Christian Ethics: An Ambiguous Legacy
Terri Murray tells the story of how St. Paul hijacked a religion.
As a human being, my desires are of two kinds: I have material and emotional needs, and I have moral needs, such as the need to respect myself, and to feel that I am living a life worthy of my potentials.
Okay, but is this frame of mind one that philosophers are able to establish as, say, a path all reasonable men and women are obligated to pursue? In other words, in a world where some individuals respect themselves for choosing behaviors that others would reject as nothing less than morally apalling.
The latter kind of needs cannot be calculated in terms of tangible consequences or rewards. Fulfilling this kind of need may leave other kinds of needs unfulfilled. This dilemma gives me, and all human beings, a unique degree of freedom.
On the other hand, what, in regard to any number of these folks...
https://en.wikipedia.org/wiki/List_of_r ... traditions
https://en.wikipedia.org/wiki/List_of_p ... ideologies
https://en.wikipedia.org/wiki/List_of_s ... philosophy
...is the author trying to suggest pertaining to the existential relationship between 1] the material and emotional needs of any particular man or woman "thrown" adventitiously at birth out into a particular world historically, culturally and experientially and 2] moral needs which may or may not overlap or clash. How can the two not be profoundly problematic given the history of human interactions to date? "Situational ethics" never really goes away except "in the heads" of the moral objectivists themselves.
Only I know which kinds of needs motivate my actions. Only I know whether, to use existentialist jargon, I am acting in ‘bad faith’ or living authentically.
Please. As though there are not any number of existentialists who "know" only that which they too were indoctrinated as children to accept as "reality" in the is/ought world. The either/or world is more or less passed down intact from generation to generation, isn't it? Then all the "new stuff" that science adds. But the world of conflicting value judgments?
This is something which is not immediately discernible to others merely on the basis of my actions. Actions in their external aspect reveal nothing about the motives behind them. We can tell very little about the human meaning of an action until we probe deeper into the circumstances and the individuals involved.

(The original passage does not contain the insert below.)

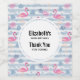 Agradeço ao seu partido que favoreça as etiquetas de garrafas com um padrão com uma vibração de verão divertida. flamingos e abacaxis cor-de-rosa, colocados sobre um padrão listrado azul claro com folhas e corações ao redor.

That's my point, of course. The part where the points I raise in my signature threads above are more or less applicable to your own moral philosophy. Motivations are, in my view, bursting at the seams with any number of components rooted in "the gap", "Rummy's Rule" and the "Benjamin Button Syndrome."
Don't believe it? Then let's take our respective moral philosophies and explore them given a set of circumstances pertaining to a moral conflict of particular interest to you.

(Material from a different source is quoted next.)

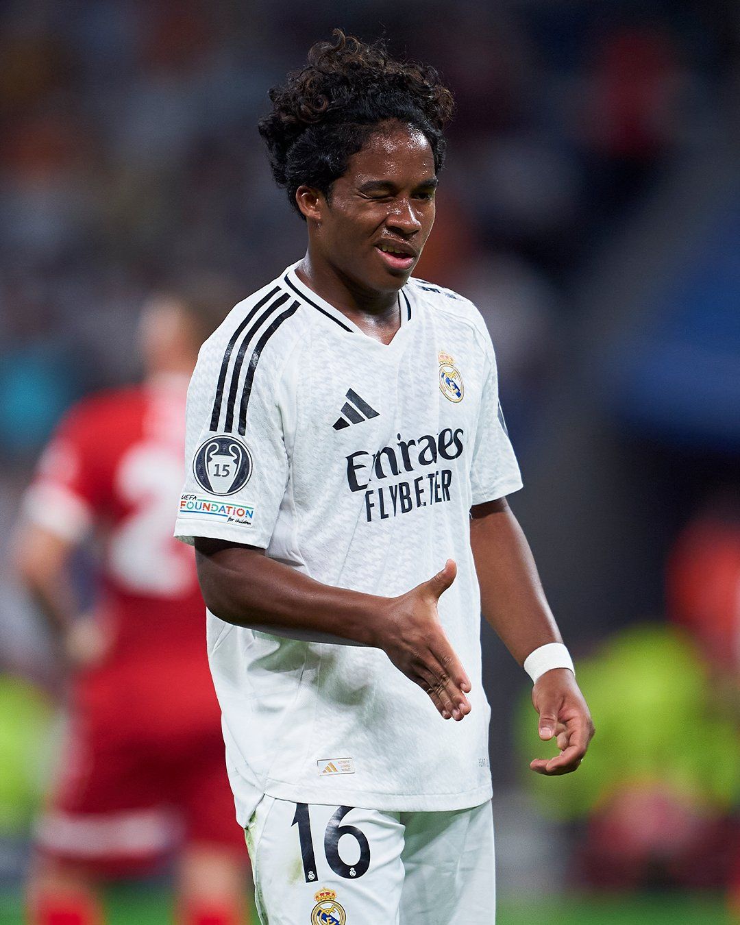 而联赛表现不佳的皇马在欧战中还是展现了自己的绝对统治地位!虽然在比赛过程中遭到斯图加特的扳平,但凭借着强有力的个人能力最终3-1拿下对手!小孩哥恩德里克替补首秀登场也是打入了自己在欧冠的首粒进球,并创下了皇家马德里最年轻欧冠进球纪录!

Of course, for any number of Christians among us, that often comes back around to leaps of faith or the Gospels. It's what they believe about God and religion that need be all that matters.
Westerners attempt to do something of this sort in their law courts. They try to establish guilt or innocence based on the interior aspects of a particular action or event. Prior to this kind of investigation we do not have a moral basis for evaluating the behaviour in question. ‘Murder’ is wrong, but whether or not a particular act of killing is correctly interpreted as such is not selfevident, and usually requires a certain degree of scrutiny.
And how is this "scrutiny" not but another inherent manifestation of dasein?